Jak traktować/interpretować te, na pierwszy rzut oka obrzydliwe fragmenty Biblii?

Rozmowa na poszczególne wersety Pisma Świętego.
Albertus
Złoty mówca
Złoty mówca
Posty: 6014
Rejestracja: 12 mar 2016
Wyznanie: Katolicyzm
Has thanked: 455 times
Been thanked: 919 times

Re: Jak traktować/interpretować te, na pierwszy rzut oka obrzydliwe fragmenty Biblii?

Post autor: Albertus » 2023-11-29, 21:35

miłośniczka Faustyny pisze: 2023-11-29, 21:20
Dezerter pisze: 2023-11-28, 22:51
Gojandek pisze: 2023-11-28, 22:24 Jeśli się bić będą mężczyźni, mężczyzna i jego brat, i zbliży się żona jednego z nich i – chcąc wyrwać męża z rąk bijącego – wyciągnie rękę i chwyci go za części wstydliwe, odetniesz jej rękę, nie będzie twe oko miało litości. – Księga Powtórzonego Prawa 25: 11-12
Nie wiem czym się kierował autor tego przepisu sprzed 2500 tysiąca lat nie jestem specjalistą, ale ani mnie ani ciebie to nie dotyczy i nie powinno interesować, ot relikt przeszłości niezrozumiały dla nas tylko, że my tego nie wiemy i nie rozumiemy, to oznacza tylko tyle co napisałem, że nie wiemy i nie rozumiemy.
Tylko że to nie takie proste. Bo co to znaczy "nie powinno interesować"? Też kiedyś natrafiłam na ten właśnie fragment z odcinaniem ręki i wciąż to pamiętam, gdybym chciała poczytać jakąś historię grozy, to nie sięgałabym w tym celu po Biblię. Dlaczego tego nie usunięto, dlaczego ten fragment należy do Pisma Świętego? Nikt mi nie wmówi, że ten konkretny nakaz jest natchniony.

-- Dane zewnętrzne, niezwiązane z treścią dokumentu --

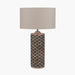 This compact cylindrical wooden base has been hand carved with black diamond shapes to create a unique design. Paired with a tall taupe slubby cotton shade, this lamp makes a charming addition to any living area. Matching smaller lamp aslo available.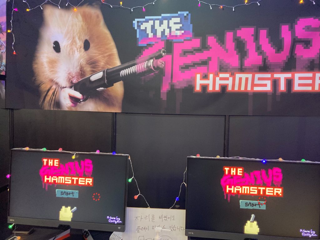81番ブースの一人開発者「GuiltyZun」が手掛ける『The Genius Hamster』は、ハムスターと銃とパズル、この三つの要素で的確に表現できる独特なアクションパズルゲームです。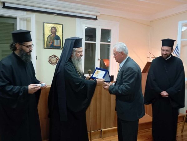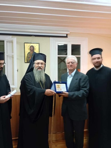 Στη συνέχεια, κατά πάγια απόφαση του Διοικητικού Συμβουλίου της Σχολής και μετά από την ομόφωνα αποδεκτή πρόταση τους Σεβασμιωτάτου, τιμήθηκε με αναμνηστική πλακέτα και τιμητικό δίπλωμα ο ιεροψάλτης της Ενορίας Κοιμήσεως Θεοτόκου Καλαμιτσίου, κ. Παναγιώτης Μακρυγιώργος. Για τον άμεσο συνεργάτη του μίλησε ο Εφημέριος της Ενορίας, Αιδεσιμολογιώτατος Πρεσβύτερος π. Βασίλειος Αρβανίτης, ενώ ο τιμώμενος αναφέρθηκε με καρδιακό και συγκινητικό λόγο στην αγάπη με την οποία προσφέρει την διακονία του τόσο στην Ενορία όσο και στην κοινωνία.

Ale nikt ci nie zamierza tego wmawiać.

Taka jest po prostu nauka Kościoła.

Katechizm KK:

105 Bóg jest Autorem Pisma świętego. "Prawdy przez Boga objawione, które są zawarte i wyrażone w Piśmie świętym, spisane zostały pod natchnieniem Ducha Świętego.
Święta Matka Kościół uważa, na podstawie wiary apostolskiej, księgi tak Starego, jak Nowego Testamentu w całości, ze wszystkimi ich częściami za święte i kanoniczne, dlatego że, spisane pod natchnieniem Ducha Świętego, Boga mają za Autora i jako takie zostały Kościołowi przekazane"
75.

106 Bóg natchnął ludzkich autorów ksiąg świętych. "Do sporządzenia ksiąg świętych Bóg wybrał ludzi, którymi posłużył się jako używającymi swoich zdolności i sił, by dzięki Jego działaniu w nich i przez nich oni sami jako prawdziwi autorzy przekazali na piśmie to wszystko, i tylko to, czego On chciał" 76.

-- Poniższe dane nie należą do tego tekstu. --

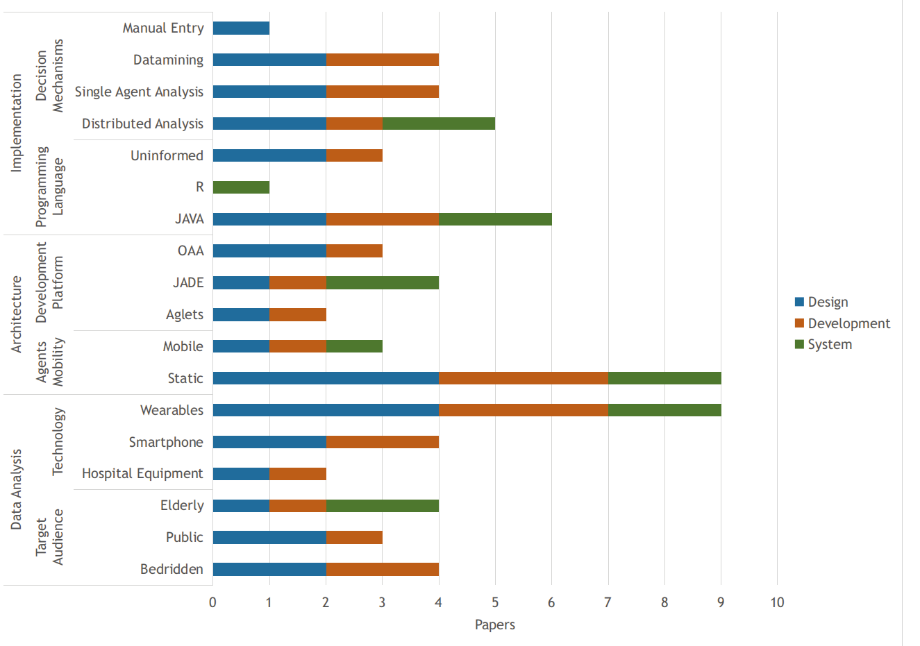 Medical care application using MAS and Wearable are the main targets if the objective is to obtain a good Data Analysis. It was found a few number of researches which present a ready solution type of the implementing system. We believe that this is due to the fact that implementing a system takes much longer and requires a lot of knowledge in programming languages and software engineering, in addition to the fact that its implementation is necessary to validate any proposal for this kind. Most of the studies focused more on presenting solutions using Smartphones. Only one article considered the use of Medical Equipment, thus it seems that there is lack of study in this area. Since hospital equipment cannot be excluded from a patient's life, whether being monitored or not, this absence might result for the increasing number of advanced remote monitoring systems and, at the same time, for the obsolescence of hospital equipment. It was found many different types of aspects and its respective objectives at each research paper, as shown in Figure 2. Some of the studies reviewed have more than one parameter, therefore, these are counted as a publication in all of the items of which they are a part of it. It can be observed that the Design occupies the largest share of studies followed by the Development, which might be the fact that the proposal of a system architecture is much less expensive and demands less time than implementing a system. The proposals for Systems already implemented take the smallest slice of it, showing a deficit for such solutions. The implementation of a system requires not only its conception, but a high knowledge in software engineering, frameworks and programming languages, and much more time for its final implementation. In terms of programming languages, JAVA is the most used one due to its facility as a programming language and because the JADE platform is designed in JAVA.

107 Księgi natchnione nauczają prawdy. "Ponieważ wszystko, co twierdzą autorzy natchnieni, czyli hagiografowie, powinno być uważane za stwierdzone przez Ducha Świętego, należy zatem uznawać, że księgi biblijne w sposób pewny, wiernie i bez błędu uczą prawdy, jaka z woli Bożej miała być przez Pismo święte utrwalona dla naszego zbawienia" 77.

108 Wiara chrześcijańska nie jest jednak "religią Księgi". Chrześcijaństwo jest religią "Słowa" Bożego: "Słowa nie spisanego, lecz Słowa Wcielonego i żywego" 78. Aby słowa Pisma świętego nie pozostawały martwą literą, trzeba, by Chrystus, wieczne Słowo Boga żywego, przez Ducha Świętego oświecił nasze umysły, abyśmy "rozumieli Pisma"(Łk 24,45).

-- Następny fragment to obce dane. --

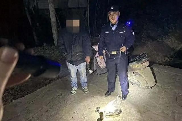当晚,巡逻民警行至岔路镇周店村一路段时,发现一名男子头戴照明灯在树林边照射,形迹可疑。民警随即上前盘查,发现该男子刘某手持弹弓,疑似正在捕鸟。

III. Duch Święty - "Interpretator" Pisma świętego

109 W Piśmie świętym Bóg mówi do człowieka w sposób ludzki. Aby dobrze interpretować Pismo święte, trzeba więc zwracać uwagę na to, co autorzy ludzcy rzeczywiście zamierzali powiedzieć i co Bóg chciał nam ukazać przez ich słowa 79.

110 W celu zrozumienia intencji autorów świętych trzeba uwzględnić okoliczności ich czasu i kultury, "rodzaje literackie" używane w danej epoce, a także przyjęte sposoby myślenia, mówienia i opowiadania. Inaczej bowiem ujmuje się i wyraża prawdę w różnego rodzaju tekstach historycznych, prorockich, poetyckich czy w innych rodzajach literackich 80.

111 Ponieważ Pismo święte jest natchnione, istnieje druga zasada poprawnej interpretacji, nie mniej ważna niż poprzednia, bez której Pismo święte byłoby martwą literą: "Pismo święte powinno być czytane i interpretowane w tym samym Duchu, w jakim zostało napisane" 81.
Sobór Watykański II wskazuje na trzy kryteria interpretacji Pisma świętego, odpowiadające Duchowi, który je natchnął 82:

112 1. Zwracać uwagę przede wszystkim na "treść i jedność całego Pisma świętego". Jakkolwiek byłyby zróżnicowane księgi, z których składa się Pismo święte, to jest ono jednak jedno ze względu na jedność Bożego zamysłu, którego Jezus Chrystus jest ośrodkiem i sercem, otwartym po wypełnieniu Jego Paschy 83:

Serce 84 Chrystusa oznacza Pismo święte, które pozwala poznać serce Chrystusa. Przed męką serce Chrystusa było zamknięte, ponieważ Pismo święte było niejasne. Pismo święte zostało otwarte po męce, by ci, którzy je teraz rozumieją, wiedzieli i rozeznawali, w jaki sposób powinny być interpretowane proroctwa 85.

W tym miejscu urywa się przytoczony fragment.